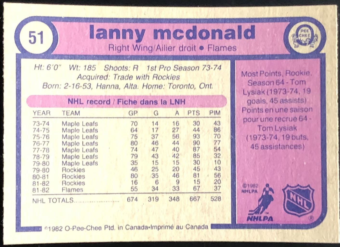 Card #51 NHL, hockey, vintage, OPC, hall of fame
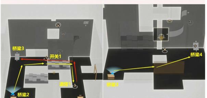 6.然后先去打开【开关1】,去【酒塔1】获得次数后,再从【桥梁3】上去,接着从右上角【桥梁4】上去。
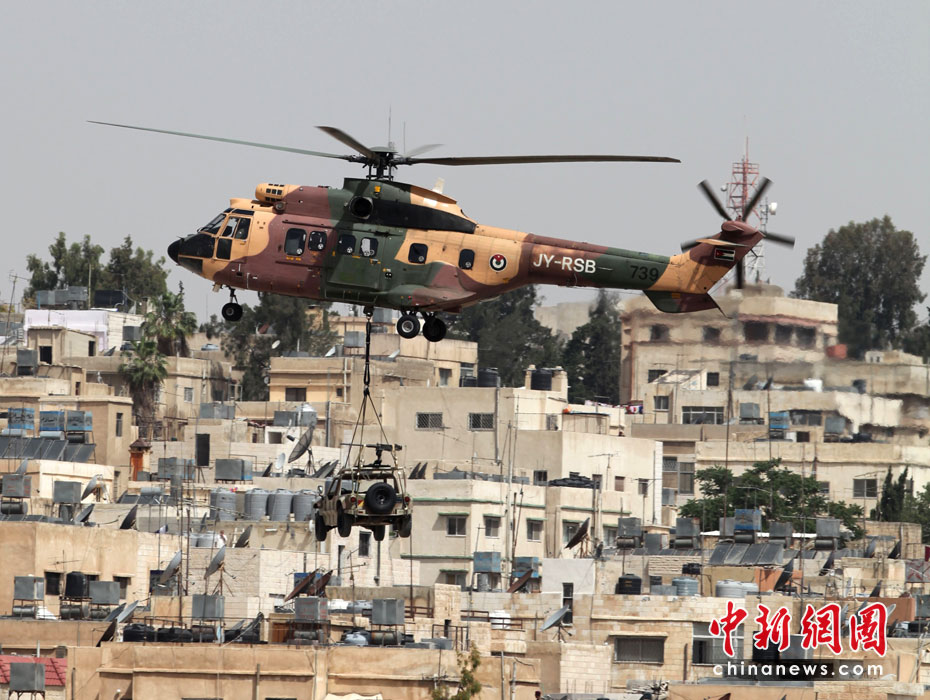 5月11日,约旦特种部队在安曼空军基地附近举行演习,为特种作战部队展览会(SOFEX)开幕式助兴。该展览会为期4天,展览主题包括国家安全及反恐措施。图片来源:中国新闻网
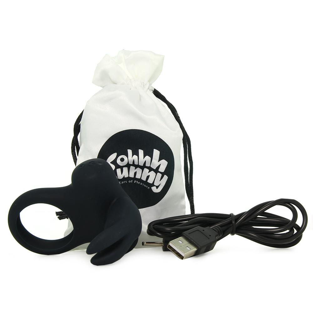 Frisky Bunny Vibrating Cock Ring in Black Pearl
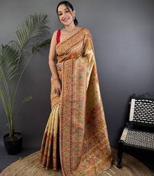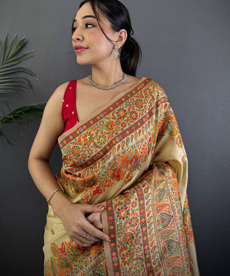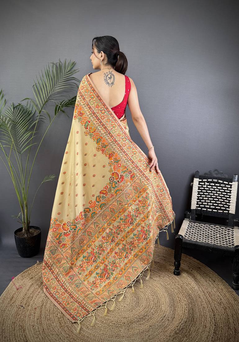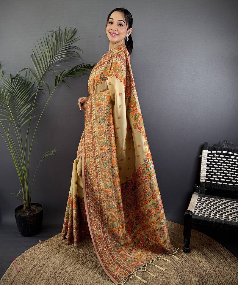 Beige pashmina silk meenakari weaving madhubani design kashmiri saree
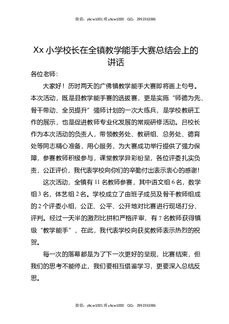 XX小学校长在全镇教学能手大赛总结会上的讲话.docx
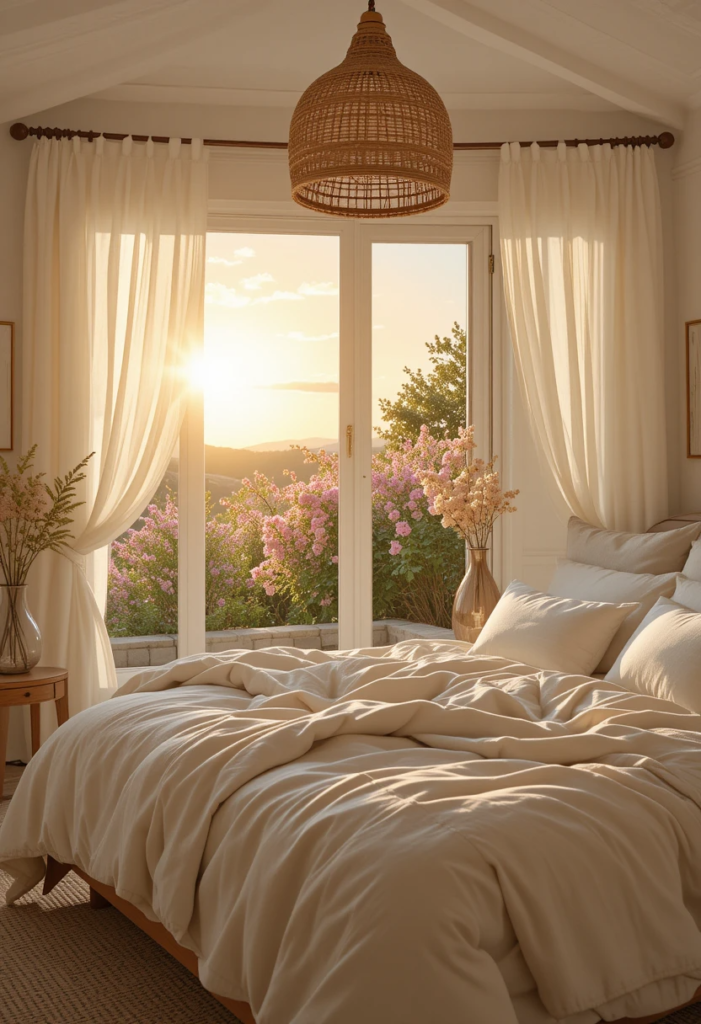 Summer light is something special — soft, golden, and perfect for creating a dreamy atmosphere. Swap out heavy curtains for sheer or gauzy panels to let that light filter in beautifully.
■ ■ ■ ■
# Work instructions
Please repeat the lines that run from the one holding "5月11日,约旦特种部队在安" to the last line of the material, both included, exactly and without pictures.

# Written response
 5月11日,约旦特种部队在安曼空军基地附近举行演习,为特种作战部队展览会(SOFEX)开幕式助兴。该展览会为期4天,展览主题包括国家安全及反恐措施。图片来源:中国新闻网
 Frisky Bunny Vibrating Cock Ring in Black Pearl
 Beige pashmina silk meenakari weaving madhubani design kashmiri saree
 XX小学校长在全镇教学能手大赛总结会上的讲话.docx
 Summer light is something special — soft, golden, and perfect for creating a dreamy atmosphere. Swap out heavy curtains for sheer or gauzy panels to let that light filter in beautifully.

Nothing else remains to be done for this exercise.